**Material to process**
----

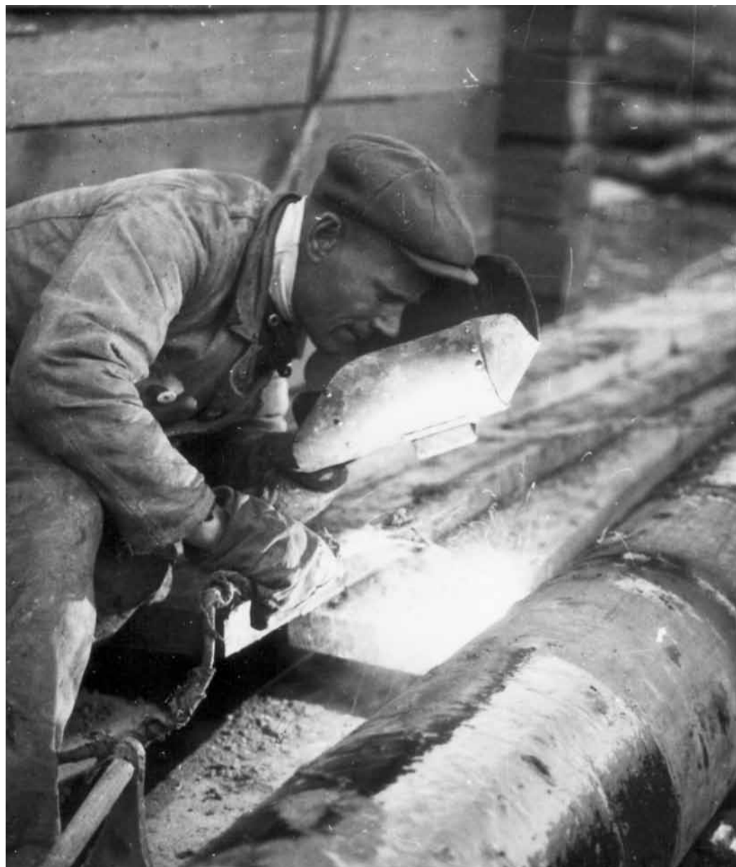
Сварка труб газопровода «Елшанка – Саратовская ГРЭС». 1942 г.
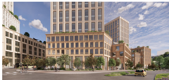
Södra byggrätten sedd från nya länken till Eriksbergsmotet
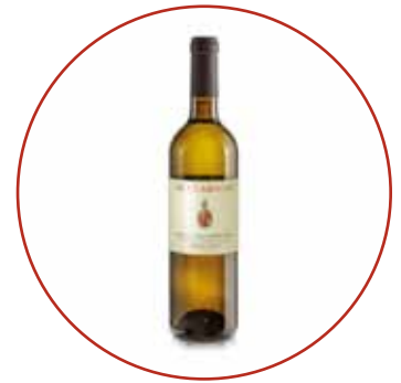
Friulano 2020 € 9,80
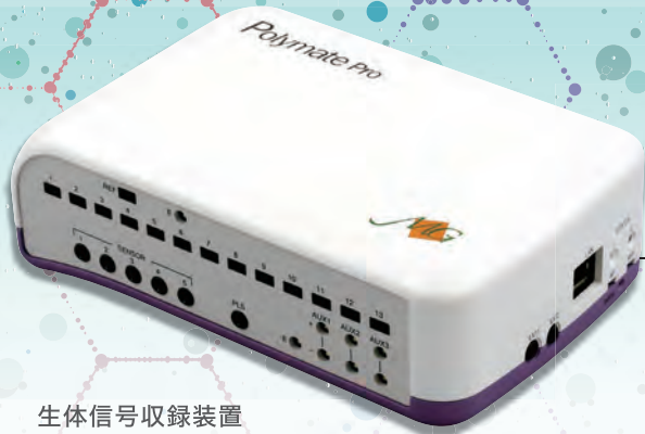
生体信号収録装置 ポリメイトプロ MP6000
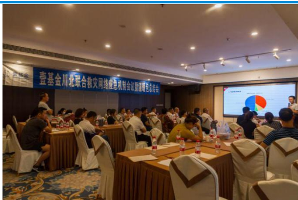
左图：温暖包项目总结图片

----

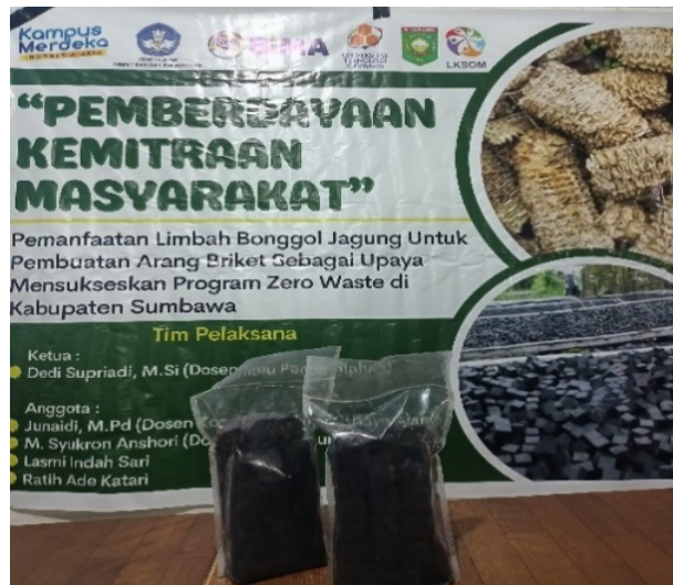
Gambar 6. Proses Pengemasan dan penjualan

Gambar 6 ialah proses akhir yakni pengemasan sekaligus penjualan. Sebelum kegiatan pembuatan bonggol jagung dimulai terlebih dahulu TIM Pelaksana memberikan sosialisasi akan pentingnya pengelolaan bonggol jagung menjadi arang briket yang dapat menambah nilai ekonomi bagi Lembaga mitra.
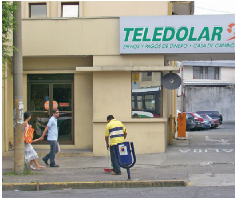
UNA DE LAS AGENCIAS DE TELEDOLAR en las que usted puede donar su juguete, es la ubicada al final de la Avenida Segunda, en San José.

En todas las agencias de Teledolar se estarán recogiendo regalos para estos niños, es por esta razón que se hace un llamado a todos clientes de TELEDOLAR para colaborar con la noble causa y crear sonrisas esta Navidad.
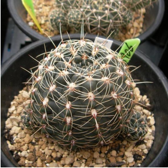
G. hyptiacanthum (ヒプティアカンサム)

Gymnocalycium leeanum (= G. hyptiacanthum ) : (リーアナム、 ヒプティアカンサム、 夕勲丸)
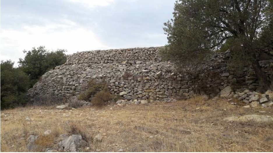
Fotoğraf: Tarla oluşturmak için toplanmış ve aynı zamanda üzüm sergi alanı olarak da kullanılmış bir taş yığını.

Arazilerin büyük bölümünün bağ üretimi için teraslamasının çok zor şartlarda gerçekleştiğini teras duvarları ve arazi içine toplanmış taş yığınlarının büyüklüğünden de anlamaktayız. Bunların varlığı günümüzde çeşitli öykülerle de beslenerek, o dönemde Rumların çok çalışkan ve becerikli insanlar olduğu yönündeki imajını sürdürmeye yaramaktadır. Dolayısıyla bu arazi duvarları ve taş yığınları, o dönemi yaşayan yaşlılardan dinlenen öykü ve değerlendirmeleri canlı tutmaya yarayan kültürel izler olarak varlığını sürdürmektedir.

----

**Your instructions**
Beginning at the line that has "Сварка труб газопровода" and ending at the line that has "左图：温暖包项目总结图片", restate the listing above word for word, pictures left out.

**Solution to the problem**
Сварка труб газопровода «Елшанка – Саратовская ГРЭС». 1942 г.
Södra byggrätten sedd från nya länken till Eriksbergsmotet
Friulano 2020 € 9,80
生体信号収録装置 ポリメイトプロ MP6000
左图：温暖包项目总结图片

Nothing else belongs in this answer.